Junto ao documento, a promotora de Justiça Kelly Cristina Barreto dos Santos encaminhou o Referencial Técnico para Implantação de Programas de Integridade nos municípios, lançado em fevereiro deste ano pela Rede de Controle da Gestão Pública de Mato Grosso, com o propósito de oferecer orientações técnicas unificadas, reduzir custos e promover sinergia entre as diversas iniciativas de integridade já existentes.
“O Referencial Técnico pode ser usado como guia prático e progressivo para ajudar os municípios a implantar ações de prevenção, detecção e resposta a desvios éticos e irregularidades, de acordo com suas capacidades técnicas, administrativas e orçamentárias, respeitando-se os níveis de maturidade de cada município”, explicou a promotora de Justiça na recomendação, acrescentado que a proposta é oferecer um caminho progressivo e viável para as administrações.

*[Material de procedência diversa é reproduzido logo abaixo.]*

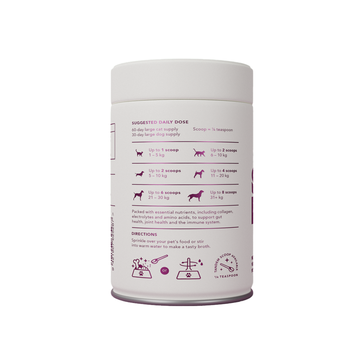 Recognising that many cats and dogs have sensitivities to beef, we have specifically sourced venison for this bone broth, providing an alternative that supports their health without triggering common allergies.
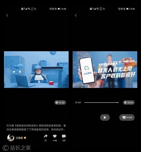 不过根据站长之家观察,该账号商业变现的能力相当不错,目前已经接了好几个商业广告。主要帮助直发品牌方提供视频,比如直发小红书214独爱之夜、京东年家电货节、企业微信等等品牌视频,这样的广告合作方是很多人羡慕不来的。
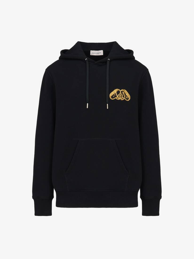Hooded sweatshirt in black loopback fleece with a gold hammered Half Seal Logo applique. The sweatshirt features a front pocket and a drawstring hood. Finished with ribbed cuffs and hem. Product Details: • Crew neck • Dropped shoulders • Ribbed trims • Made with organic cotton yarn Material:100% Cotton Product Code:781955QXAAG1000
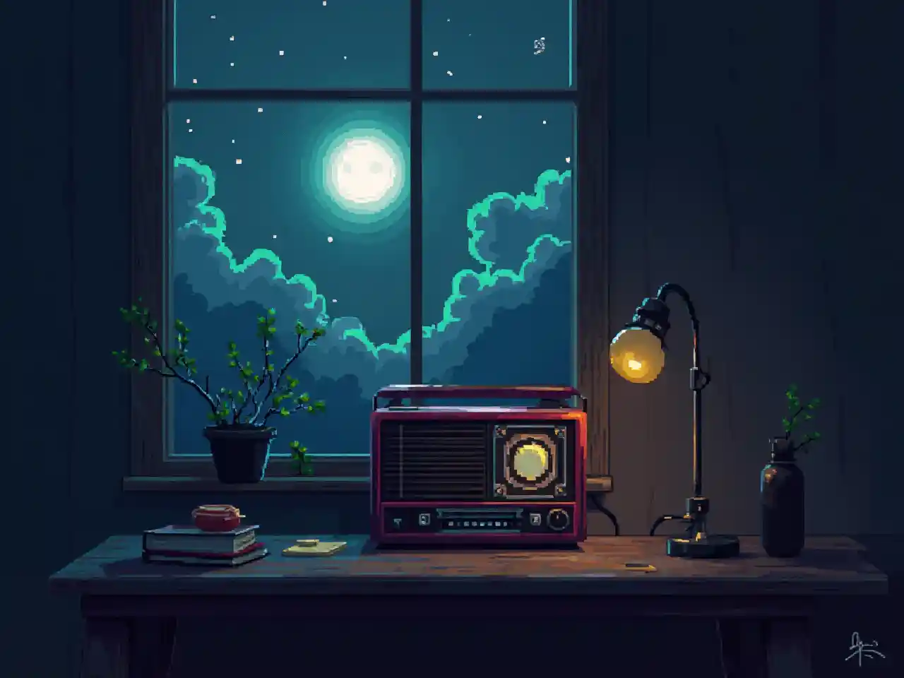 una radio retro sobre la mesa en una habitación oscura, iluminada por la luz de la luna
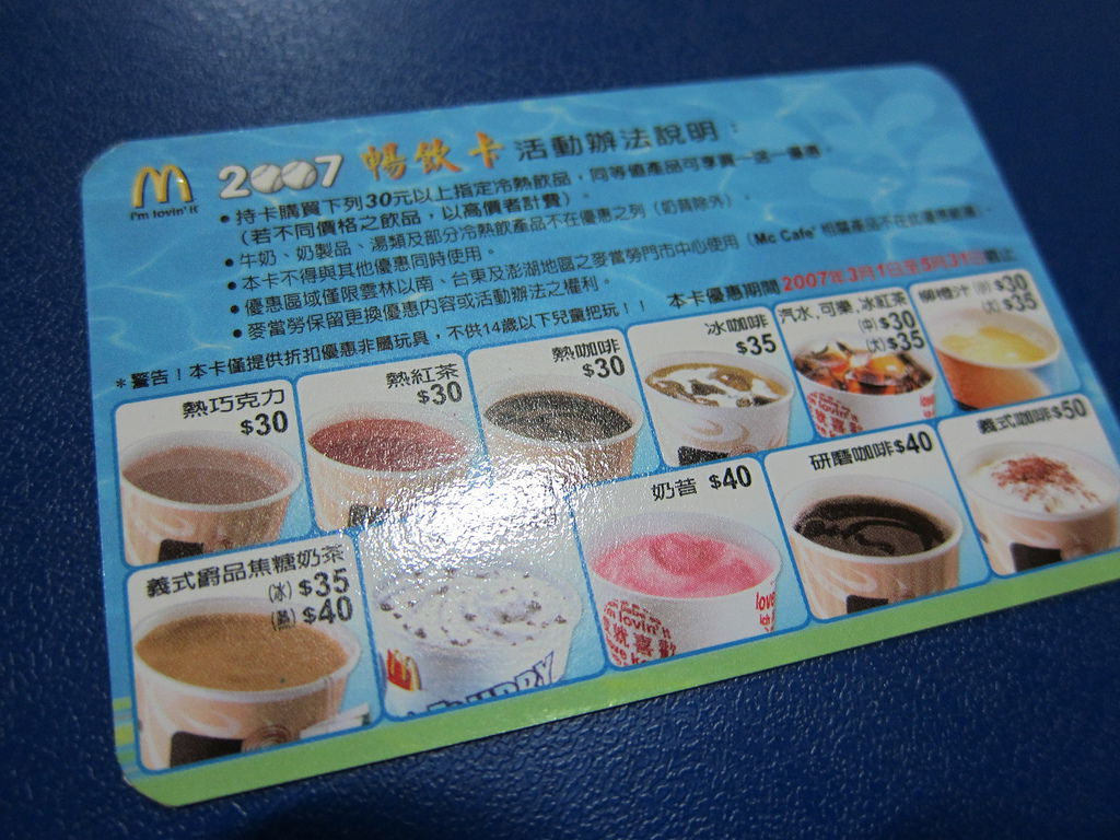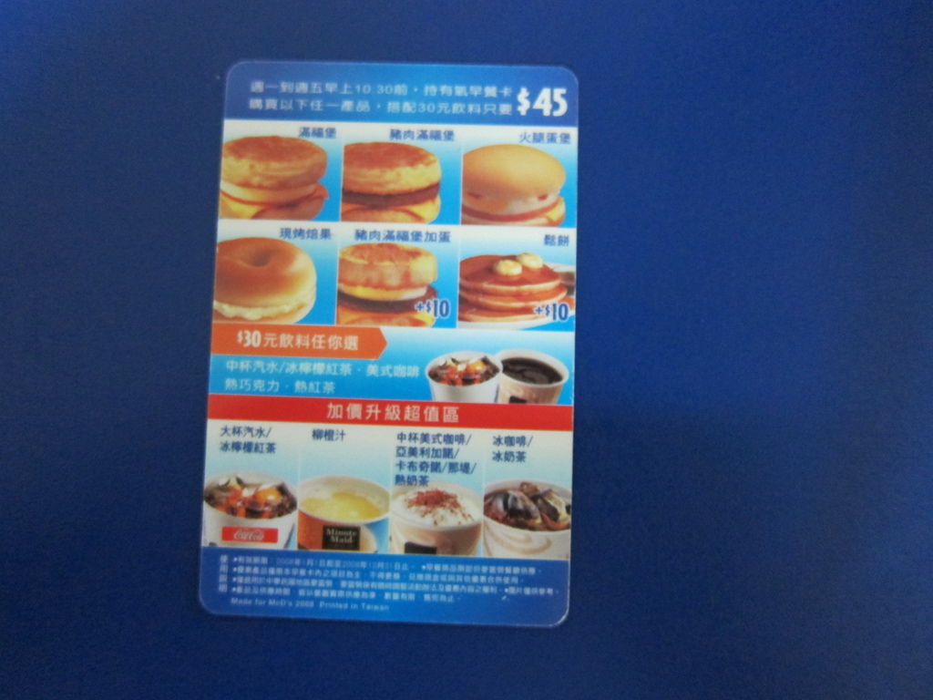 ▲2008年麥當勞推出自家咖啡品牌MC Cafe,有氧早餐卡我也挑了義式咖啡為封面的卡片,印象中這一年卡片圖案好像不只這款?

A notificação recomendatória orienta os gestores municipais a adotar uma série de providências para fortalecer a governança pública, entre elas: regulamentação da Lei Anticorrupção no âmbito municipal, instituição de programa de integridade, criação de código de ética, implementação de mecanismos de gestão de riscos e promoção da transparência e do controle social. Ao município de Denise foi recomendado também concluir o questionário de autoavaliação no sistema e-Prevenção no Portal Nacional de Contratações Públicas (PNCP) e instalar câmeras do programa Vigia Mais MT recebidas.
Exemplo positivo – O município de Barra do Bugres não foi alvo de notificação recomendatória devido ao estágio avançado de implementação de medidas de integridade de forma espontânea pela gestão municipal. Entre as iniciativas já adotadas estão a instituição de um comitê de governança e a criação do Código de Ética dos servidores públicos, demonstrando compromisso com boas práticas administrativas e com a proteção do patrimônio público.
Para a promotora de Justiça, o exemplo do município evidencia que é possível avançar em integridade sem a necessidade de intervenção ministerial. “Barra do Bugres demonstra que a adoção voluntária de medidas estruturantes fortalece a gestão pública e contribui diretamente para a eficiência e a transparência”, ressaltou.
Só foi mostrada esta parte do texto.